> [ABOUT THIS EXERCISE]: Without the images, output each record below as it stands.

Extracted data entries:
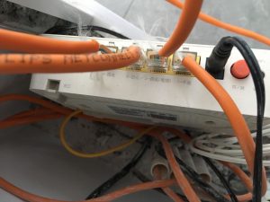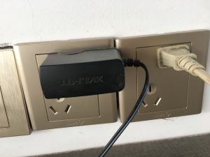 第一步:首先我们找到路由器的电源插孔,插上插排。
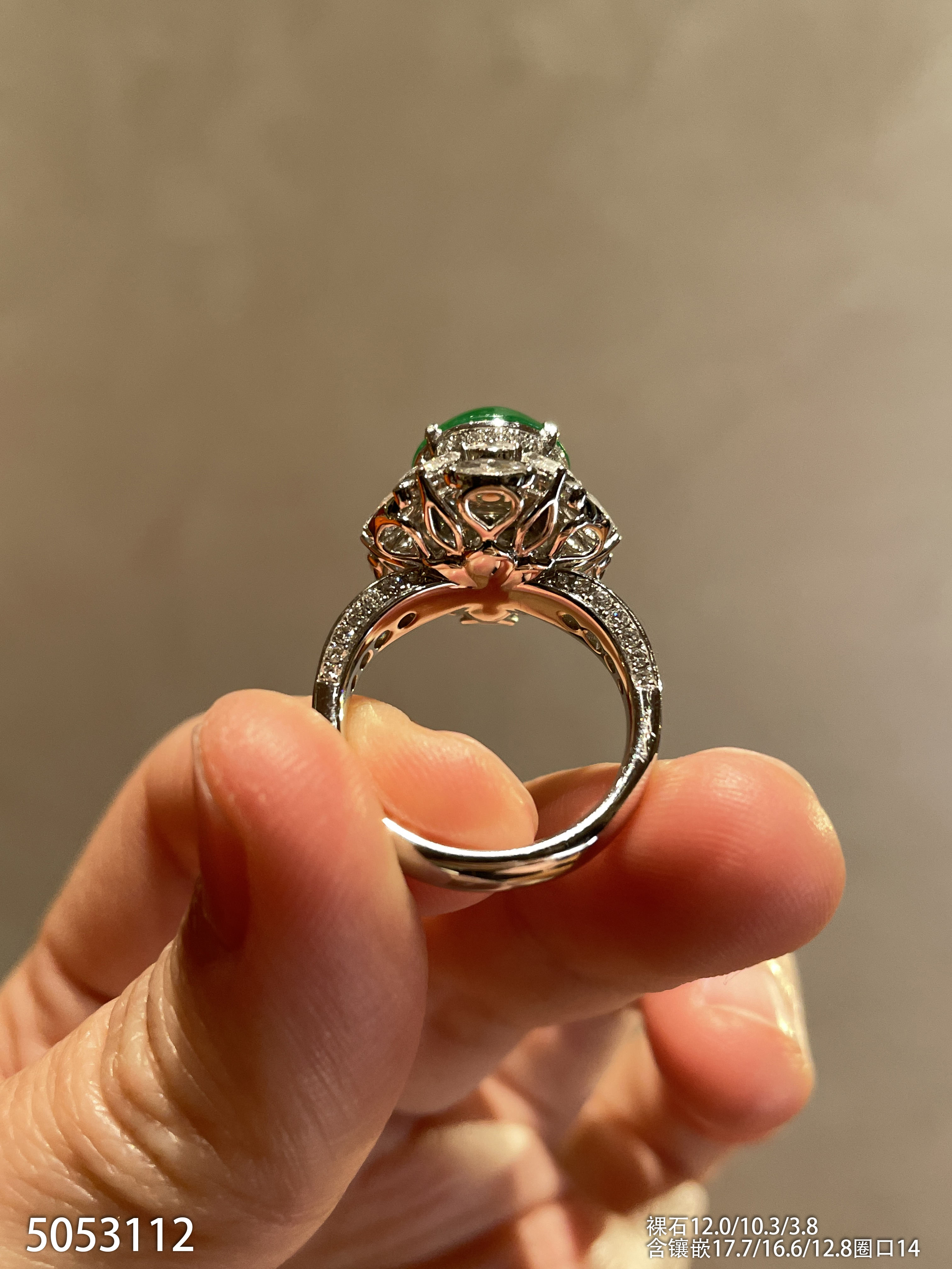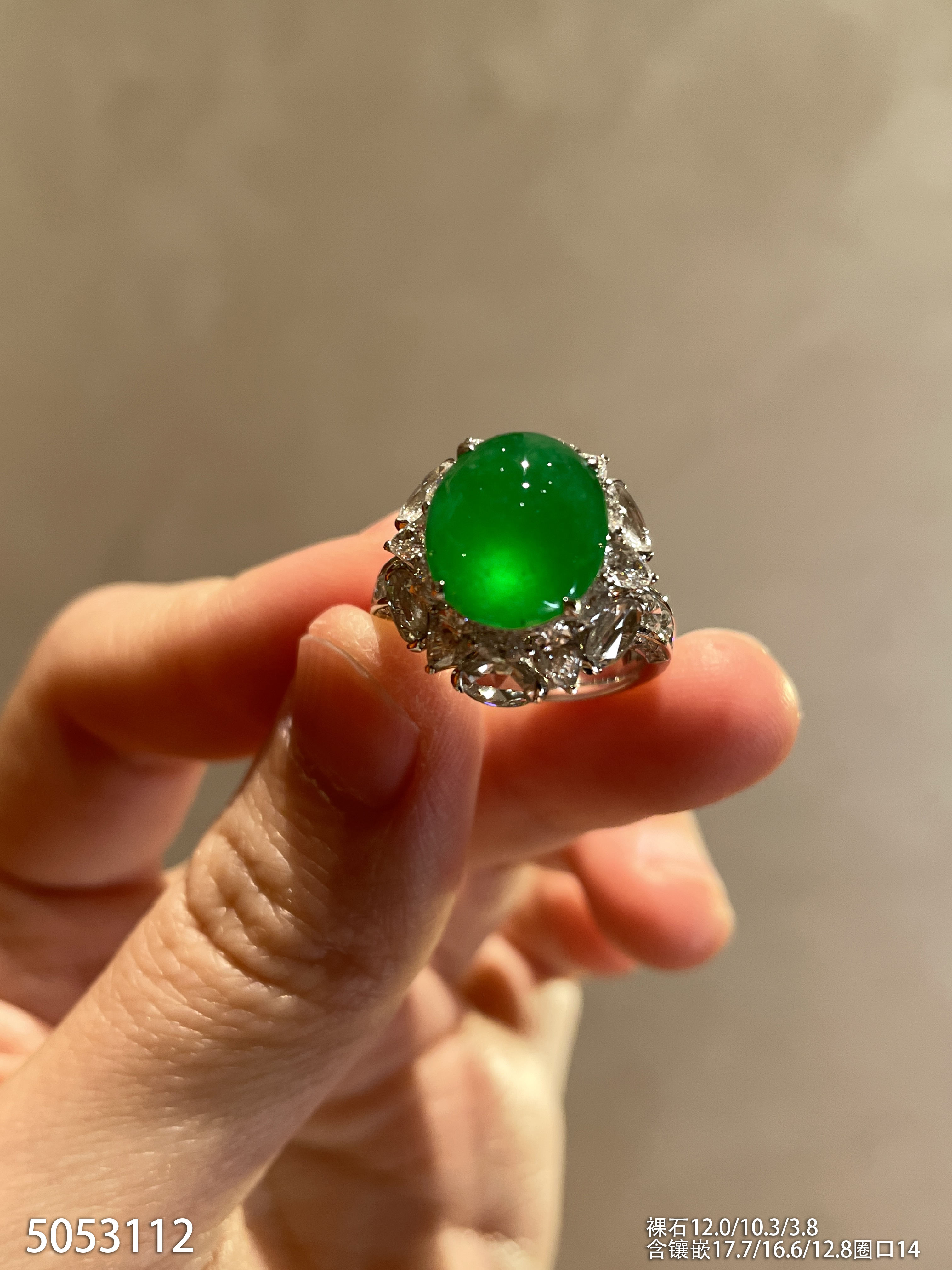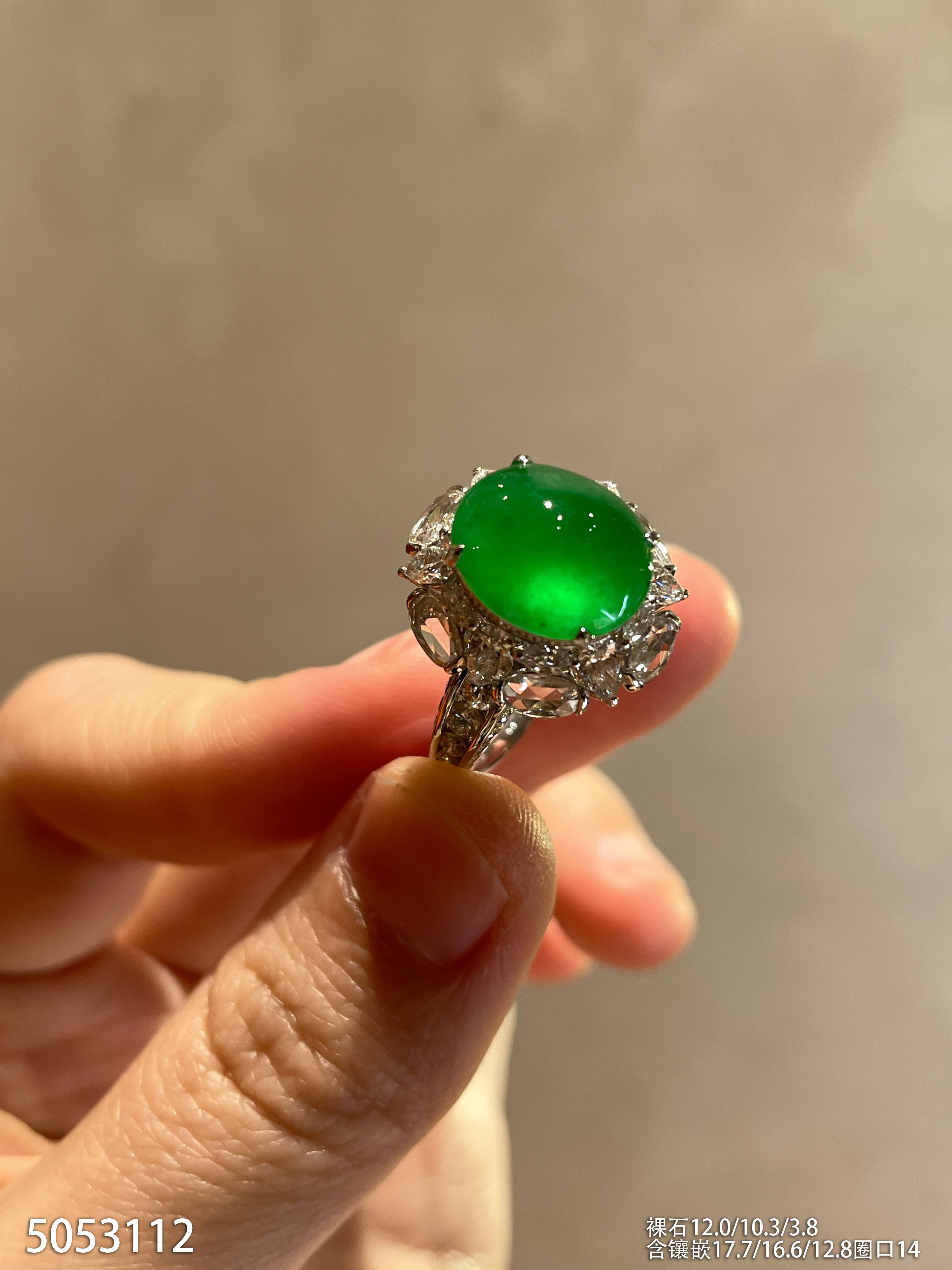 玻璃种艳绿蛋面戒指【5053112】具体价格微信咨询
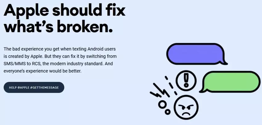 Problemy opisywane przez Google są najbardziej znane większości osób w postaci zielonych bąbelków w aplikacji Apple Messages, które wskazują powiadomienia użytkownika Androida. Podczas wysyłania wiadomości tekstowych do użytkownika Androida aplikacja na iPhone'a korzysta z własnej usługi iMessage firmy Apple (która obejmuje nowoczesne funkcje, takie jak szyfrowanie, czaty grupowe oraz wysokiej jakości transmisja obrazu i wideo), ale zamiast tego wracają do zwykłych wiadomości SMS i MMS. Wiadomości te są nie tylko wyświetlane w jasnozielonych kółkach, ale także naruszają kilka nowoczesnych standardów przesyłania wiadomości, na których ludzie polegają.
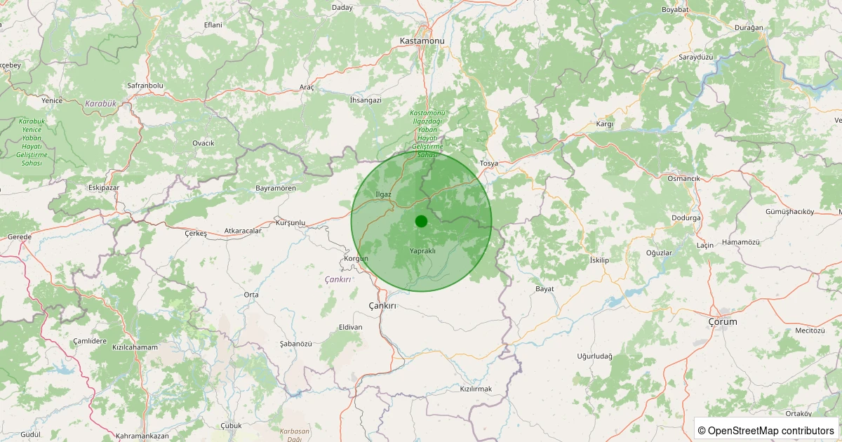 Son 7 gün içinde Ilgaz - Yuvasaray Köyü noktasından 100 km yarıçap içerisinde meydana gelen diğer depremler:
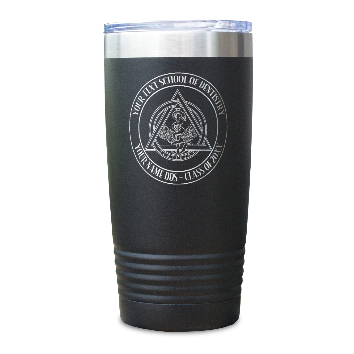 This design features the dental insignia (aka emblem, symbol, logo) at the center with personalization in a circle around the emblem.You can customize the name of the dental school, as well as the name of the dentist and the year they graduated.
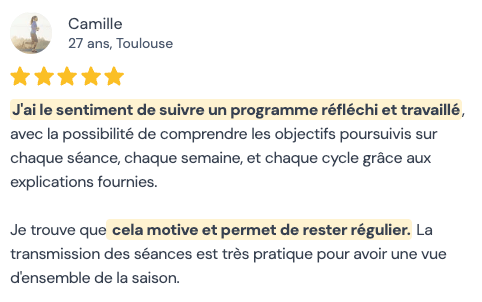 Les séances sont si détaillées qu’un enfant de 6 ans pourrait les suivre. Et le plan est fait pour s’adapter à votre profil (et pas le contraire)
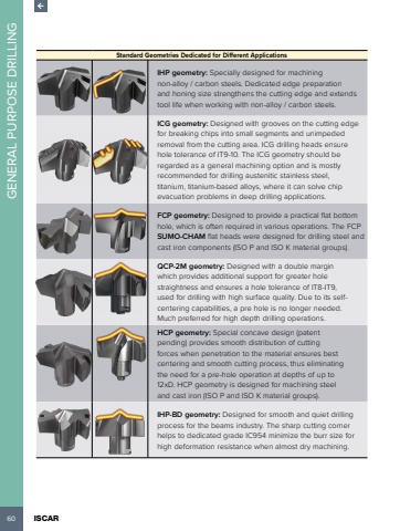 60 ISCAR GENERAL PURPOSE DRILLINGStandard Geometries Dedicated for Different ApplicationsIHP geometry: Specially designed for machining non-alloy / carbon steels. Dedicated edge preparation and honing size strengthens the cutting edge and extends tool life when working with non-alloy / carbon steels.ICG geometry: Designed with grooves on the cutting edge for breaking chips into small segments and unimpeded removal from the cutting area. ICG drilling heads ensure hole tolerance of IT9-10. The ICG geometry should be regarded as a general machining option and is mostly recommended for drilling austenitic stainless steel, titanium, titanium-based alloys, where it can solve chip evacuation problems in deep drilling applications.FCP geometry: Designed to provide a practical flat bottom hole, which is often required in various operations. The FCP SUMO-CHAM flat heads were designed for drilling steel and cast iron components (ISO P and ISO K material groups). QCP-2M geometry: Designed with a double margin which provides additional support for greater hole straightness and ensures a hole tolerance of IT8-IT9, used for drilling with high surface quality. Due to its selfcentering capabilities, a pre hole is no longer needed. Much preferred for high depth drilling operations.HCP geometry: Special concave design (patent pending) provides smooth distribution of cutting forces when penetration to the material ensures best centering and smooth cutting process, thus eliminating the need for a pre-hole operation at depths of up to 12xD. HCP geometry is designed for machining steel and cast iron (ISO P and ISO K material groups). IHP-BD geometry: Designed for smooth and quiet drilling process for the beams industry. The sharp cutting corner helps to dedicated grade IC954 minimize the burr size for high deformation resistance when almost dry machining.
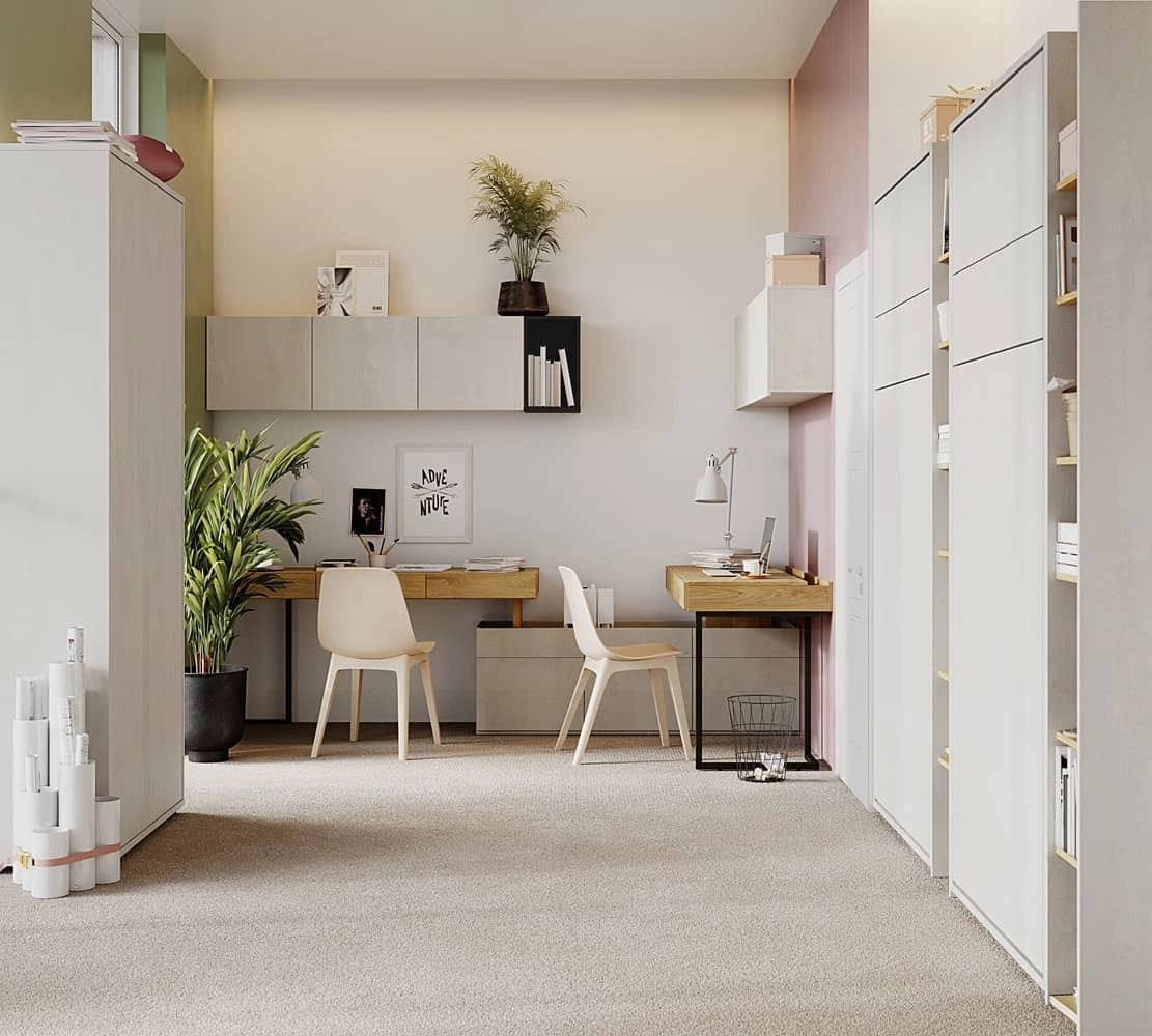 Zestaw mebli Teen Flex pomoże w uprządkowaniu akcesoriów oraz wszystkich niezbędnych rzeczy w pokoju, dodatkowo czyniąc wnętrze lepiej zorganizowanym oraz zapewni komfortową strefę do nauki. Obecność meblościanki stanie się stylowym wykończeniem pokoju młodzieżowego, gabinetu lub biura nadając charakteru i niepowtarzalnego klimatuDesignerski styl to zasługa modnych, oryginalnych kolorów i nieoczywistej formy, które dodają aranżacji estetycznego wyglądu, a także industrialnego klimatu. Dzięki uniwersalności i wysokiej funkcjonalności bryły z zestawu mebli Teen Flex można łatwo ustawić w niemal każdym miejscu w pomieszczeniu.
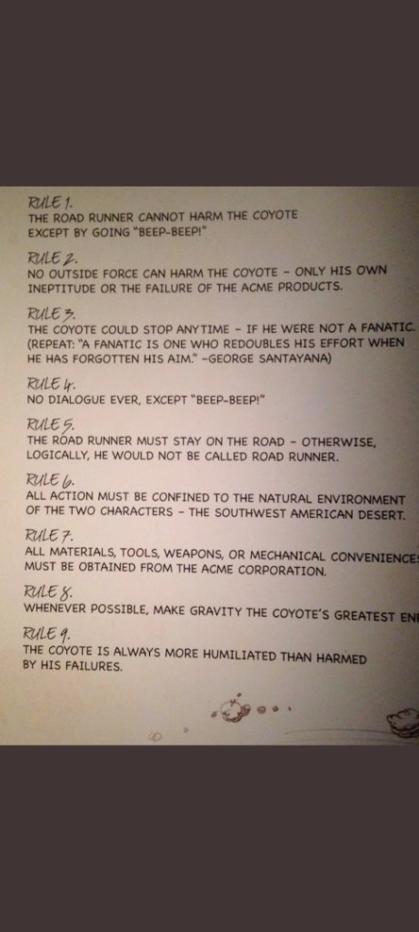 Chuck Jones created the brilliant Looney Tunes series, “The Road Runner.” The 9 rules that guided the cartoon express a moral gravity worth considering. Rule 3 seems particularly relevant to our time!
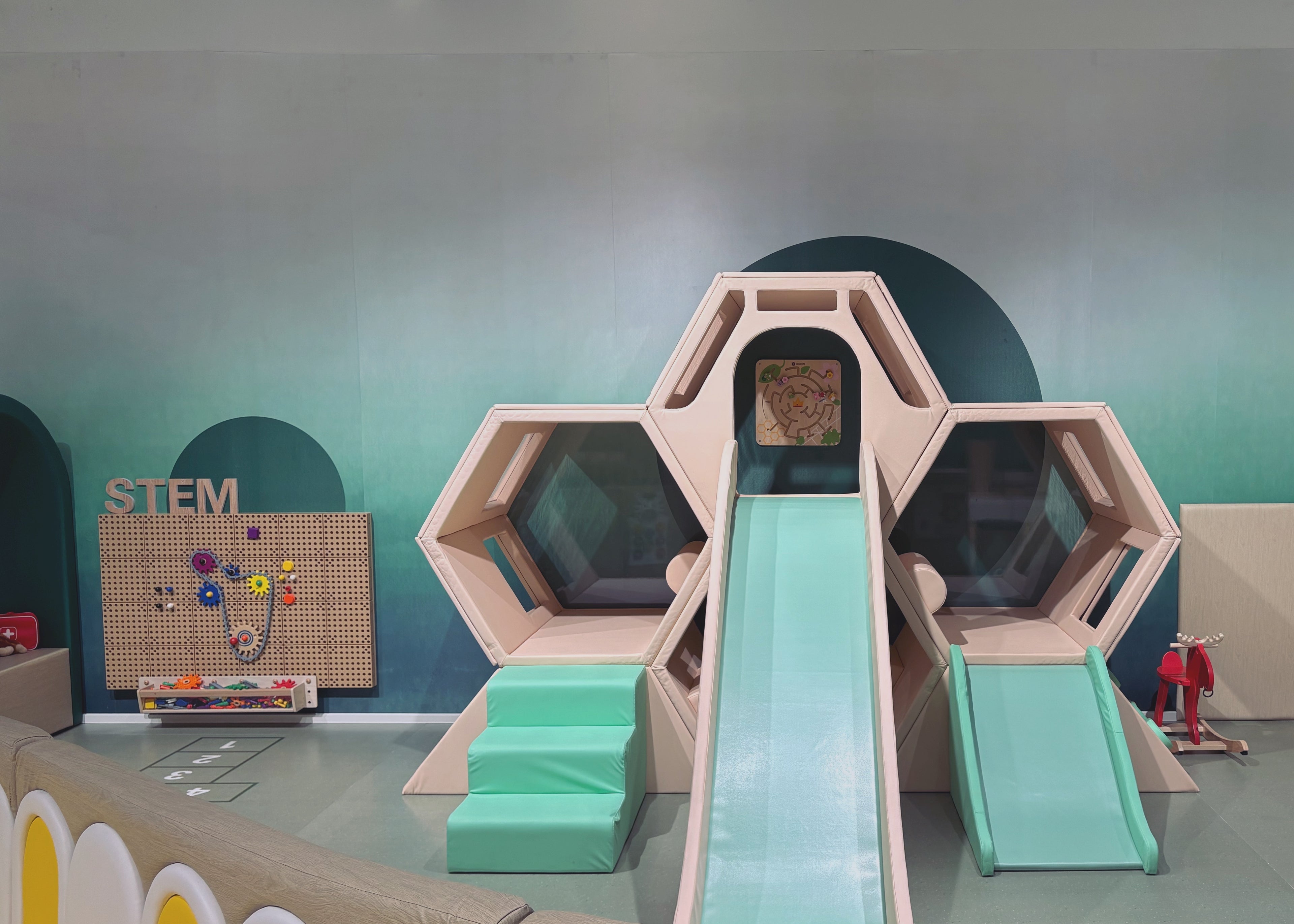 Ein speziell für Kleinkinder gestalteter Bereich – komplett mit weichen Polstern ausgestattet.Hier können Babys sicher krabbeln, entdecken und spielen. Ein integrierter Spiegel lädt die Kleinsten dazu ein, sich selbst zu beobachten – für Spaß und Geborgenheit in jeder Bewegung.

> [EXERCISE RESPONSE]:
 第一步:首先我们找到路由器的电源插孔,插上插排。
 玻璃种艳绿蛋面戒指【5053112】具体价格微信咨询
 Problemy opisywane przez Google są najbardziej znane większości osób w postaci zielonych bąbelków w aplikacji Apple Messages, które wskazują powiadomienia użytkownika Androida. Podczas wysyłania wiadomości tekstowych do użytkownika Androida aplikacja na iPhone'a korzysta z własnej usługi iMessage firmy Apple (która obejmuje nowoczesne funkcje, takie jak szyfrowanie, czaty grupowe oraz wysokiej jakości transmisja obrazu i wideo), ale zamiast tego wracają do zwykłych wiadomości SMS i MMS. Wiadomości te są nie tylko wyświetlane w jasnozielonych kółkach, ale także naruszają kilka nowoczesnych standardów przesyłania wiadomości, na których ludzie polegają.
 Son 7 gün içinde Ilgaz - Yuvasaray Köyü noktasından 100 km yarıçap içerisinde meydana gelen diğer depremler:
 This design features the dental insignia (aka emblem, symbol, logo) at the center with personalization in a circle around the emblem.You can customize the name of the dental school, as well as the name of the dentist and the year they graduated.
 Les séances sont si détaillées qu’un enfant de 6 ans pourrait les suivre. Et le plan est fait pour s’adapter à votre profil (et pas le contraire)
 60 ISCAR GENERAL PURPOSE DRILLINGStandard Geometries Dedicated for Different ApplicationsIHP geometry: Specially designed for machining non-alloy / carbon steels. Dedicated edge preparation and honing size strengthens the cutting edge and extends tool life when working with non-alloy / carbon steels.ICG geometry: Designed with grooves on the cutting edge for breaking chips into small segments and unimpeded removal from the cutting area. ICG drilling heads ensure hole tolerance of IT9-10. The ICG geometry should be regarded as a general machining option and is mostly recommended for drilling austenitic stainless steel, titanium, titanium-based alloys, where it can solve chip evacuation problems in deep drilling applications.FCP geometry: Designed to provide a practical flat bottom hole, which is often required in various operations. The FCP SUMO-CHAM flat heads were designed for drilling steel and cast iron components (ISO P and ISO K material groups). QCP-2M geometry: Designed with a double margin which provides additional support for greater hole straightness and ensures a hole tolerance of IT8-IT9, used for drilling with high surface quality. Due to its selfcentering capabilities, a pre hole is no longer needed. Much preferred for high depth drilling operations.HCP geometry: Special concave design (patent pending) provides smooth distribution of cutting forces when penetration to the material ensures best centering and smooth cutting process, thus eliminating the need for a pre-hole operation at depths of up to 12xD. HCP geometry is designed for machining steel and cast iron (ISO P and ISO K material groups). IHP-BD geometry: Designed for smooth and quiet drilling process for the beams industry. The sharp cutting corner helps to dedicated grade IC954 minimize the burr size for high deformation resistance when almost dry machining.
 Zestaw mebli Teen Flex pomoże w uprządkowaniu akcesoriów oraz wszystkich niezbędnych rzeczy w pokoju, dodatkowo czyniąc wnętrze lepiej zorganizowanym oraz zapewni komfortową strefę do nauki. Obecność meblościanki stanie się stylowym wykończeniem pokoju młodzieżowego, gabinetu lub biura nadając charakteru i niepowtarzalnego klimatuDesignerski styl to zasługa modnych, oryginalnych kolorów i nieoczywistej formy, które dodają aranżacji estetycznego wyglądu, a także industrialnego klimatu. Dzięki uniwersalności i wysokiej funkcjonalności bryły z zestawu mebli Teen Flex można łatwo ustawić w niemal każdym miejscu w pomieszczeniu.
 Chuck Jones created the brilliant Looney Tunes series, “The Road Runner.” The 9 rules that guided the cartoon express a moral gravity worth considering. Rule 3 seems particularly relevant to our time!
 Ein speziell für Kleinkinder gestalteter Bereich – komplett mit weichen Polstern ausgestattet.Hier können Babys sicher krabbeln, entdecken und spielen. Ein integrierter Spiegel lädt die Kleinsten dazu ein, sich selbst zu beobachten – für Spaß und Geborgenheit in jeder Bewegung.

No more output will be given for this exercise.